He rose from his desk as they came in. “I’m sorry that your colonel’s courtesy call came too late; otherwise we might have been able to help out.”
“The captain was on a surveillance mission,” Pete said. “The assassination of a former SEAL came as a surprise.”
“I should have known better,” Wolf said.
“Yes,” Bambridge said, and they all sat down. “What brings you up here at this hour? I was getting set to finally go home.”

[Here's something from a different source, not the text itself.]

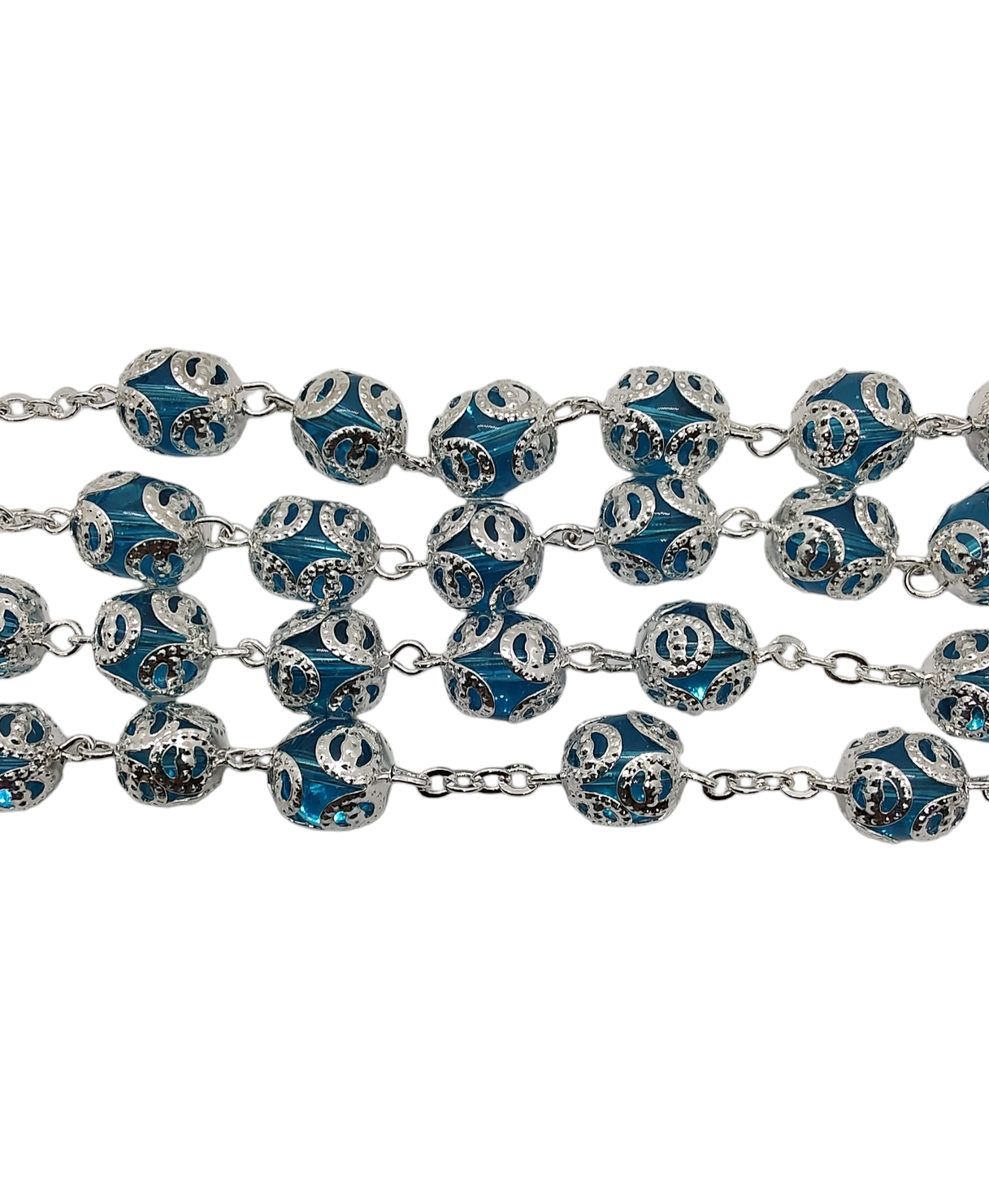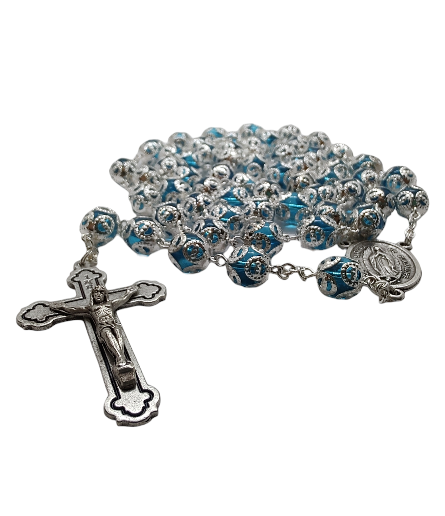 Rosario de vidrio con capuchón de alpaca en cada cuenta. Disponible en varios colores. Incluye cajita de plástico .

For as long as she could remember Pete had wanted to slap the officious bastard in the mouth. And a couple of years ago she’d said as much to McGarvey, who’d laughed.
“No one would blame you, but the man does a nice job pushing papers. Stay on his good side and you’ll get promoted. One of these days he’ll be gone.”
“Walt loves him, and he’s got a couple of intelligence oversight committee members on his side. Maybe he’ll end up as DDCI, or even DCI, God forbid.” Walter Page was the director of central intelligence.
“Won’t happen,” Mac had assured her.
That was last year, but now she wasn’t so sure. Rumor was that Page was considering him for the deputy directorship, which was only a heartbeat from the DCI’s chair, at least on a temporary basis.
“Otto has come up with a couple of interesting connections,” she said.
“No doubt interesting,” Bambridge said. He’d had a troubled relationship with McGarvey over the last few years. Otto and Mac were longtime friends, and therefore in Bambridge’s mind, Otto was also a wild card.
“The guy Captain Weisse was following shot and killed a former SEAL Team Six operator who was on the operation to take out bin Laden,” Otto said. “He’d written a memoir of his time in the navy and was bringing it to the UDT/SEAL museum.”
“How do we know that?”
“The police found it inside the museum,” Wolf said.
“Any of it in the media? Was he hyping for a book contract or something?”
“Not that we know of,” Otto said. “But the fact that the shooter knew that Barnes would be there at that exact time means the group that hired him has some damned good intel contacts here in the States.”
“Who, for instance?”
“I don’t know that part yet, but my guess would be somewhere within the Pentagon, or perhaps inside JSOC at Fort Bragg or down in Virginia. I’m digging into Barnes’s phone and travel records to see if he still has some buddies up there. Maybe someone with a grudge or someone in financial trouble.”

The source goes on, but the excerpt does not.